(Your task): Repeat the listing exactly. Do not carry over any pictures.

(Data block):
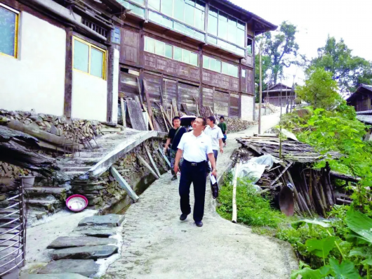 审计署派驻丹寨县扶贫干部(前)到贫困户家走访调研途中
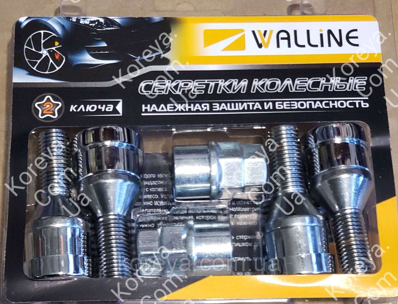 Болти секретки колісні Walline застосовуються для захисту автомобільних коліс від крадіжок. До комплекту входить 4 болти М12 х 1.5 + два ключі (головки), хромовані, дуже гарної якості. Головки розраховані на два типи балонного ключа 17 або 19 мм. так що під час встановлення не виникне жодних проблем.
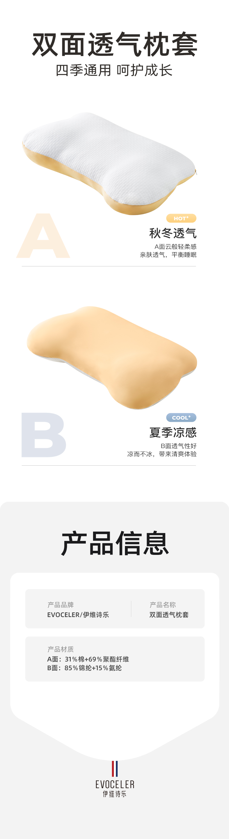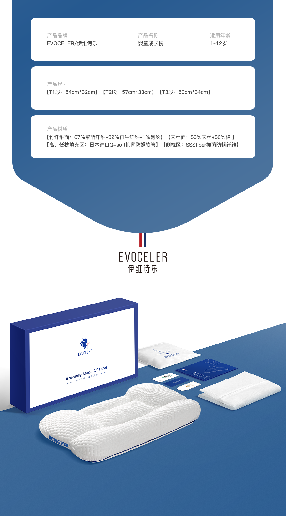 【EVOCELER】儿童成长枕头护颈枕配套枕套透气双面新生儿慢回弹

(Solution to this exercise):
 审计署派驻丹寨县扶贫干部(前)到贫困户家走访调研途中
 Болти секретки колісні Walline застосовуються для захисту автомобільних коліс від крадіжок. До комплекту входить 4 болти М12 х 1.5 + два ключі (головки), хромовані, дуже гарної якості. Головки розраховані на два типи балонного ключа 17 або 19 мм. так що під час встановлення не виникне жодних проблем.
 【EVOCELER】儿童成长枕头护颈枕配套枕套透气双面新生儿慢回弹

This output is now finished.